Although I felt lucky to be invited to a food photography workshop with Nikon and Currys PCWorld, I also felt out of my comfort zone. I don’t blog about food (in eight years I’ve done one recipe), I don’t use an SLR and being completely honest you’re not going to follow me on Instagram for my photographs of food. So for me, the evening was about meeting new bloggers, being introduced to macaroons (and as they are food bloggers being told how to make them) and gaining confidence with dSLR.
Current photography kit
My photography kit currently consists of my phone (HTC One M8*) and a Canon compact (G7X*). This is my second compact with manual settings, I bought the first one (Nikon P300*) so I could try manual settings without having to carry a dSLR but unfortunately gave it a few too many bangs so the lens motor failed.
As I’ve used manual settings for a few years I understand the concept of the relationship between Shutter speed, Aperture size and Iso setting, and if you change one you need to change at least one of the others to retain the correct exposure (assuming the setting to be photographed doesn’t change).
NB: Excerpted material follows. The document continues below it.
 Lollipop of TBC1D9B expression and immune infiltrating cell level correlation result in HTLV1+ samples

For example if you increase the aperture size, so more light can go in, you will need to reduce the shutter speed, to reduce the time light can go in, otherwise the picture will be overexposed. The art of photography comes from choosing the setting to achieve the photograph you want (short shutter for defined drops of water, longer shutter for blurred water flow) and then balancing the other settings.
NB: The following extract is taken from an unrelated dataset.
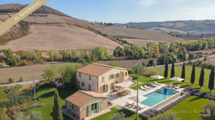 Tuscan farmhouse with annex, to be fully restored and restyled, with over 51 acres of land, near San Casciano dei Bagni, Siena. Once built for farmers' use and abandoned for a long time, this farmhouse is a property to dream about and convert into a charming country villa with endless views over the Tuscan landscape. The main building is on two levels with old stables and warehouses on the ground floor, on the first floor the farmer's residence, totaling 576 sq m/6200 sq ft of surface. Facades can be kept in local brick or restyled. Slightly detached from the main building is a former stable building to be converted into a guest cottage or pool house. Apolloni & Blom is at your complete disposal with a local network of professionals and constructors to support you from the design to full turnkey realization! The property includes more than 51 acres (20.7 hectares) of arable land and a vegetable garden equipped with a drip irrigation system. In a dominant position close to the municipality road, with open views of the hills and the borgo of Celle sul Rigo, just 4 km away, an unspoiled countryside on the border between Tuscany, Umbria, and Lazio. PROPERTY Ref: SAN2803Location: San Casciano dei Bagni, Province: Siena, Region: TuscanyType: 576 sq m/6200 sq ft two-story former farmhouse with annex, in need of full restoration, over 20 ha/51 acres of agricultural landAnnex: 62 sq m/667 sq ft barn on one levelYear of construction: 1900Conditions: to be restoredLand/Garden: 20.7 hectares/51.15 including arable land and 3.7 ha/9.1 acres of vegetable garden equipped with a drop irrigation systemLayout:

So I understand the theory, but I do not find it easy to implement, I either move dials until I get what I want, or freeze and change the dial to automatic setting. Although I am getting better.
A great thing about the Nikon school is the inspiration around you; everywhere you look there are amazing photographs from the Nikon Ambassadors. And I have a new favourite photographer Kate Hopewell-Smith because of this picture (sorry about my reflection). I’m going to imagine that my daughter and I would look just like this if we had a session with her!
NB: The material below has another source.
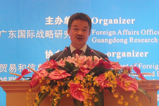 郑建荣作题为“中国-东盟合作中广东的机遇与挑战”的报告

The key things I learnt about food photography are:
- good to have large aperture (small f number) so there is shallow depth of field meaning the background blurs
- nice to fill the frame when showing details of the food
- setting the white balance is important to show the true colours of the food
- macro lens is useful to get sharp close up focus
Here are some of the photographs I took during the workshop.
dSLR, compact or phone?
This was the first time I’ve felt a desire to have a dSLR. However, the big question is would I use it if I had one? I think if I was taking photos of food or products at home it would be easy to decide on the dSLR, but I tend to take snapshots of the people I’m with or the place we’re visiting and use them to make scrap pages so I can share our memories. The best camera is the one you have with you, so my phone and compact have a big advantage as they fit in my pocket or handbag. I’m concerned about the extra weight and size of dSLR; is it worth carrying it for the level of my ability? But then will my ability develop if I don’t challenge myself with a more advanced camera?
How do you approach photography? Do you use compact or dSLR? What would you like to use?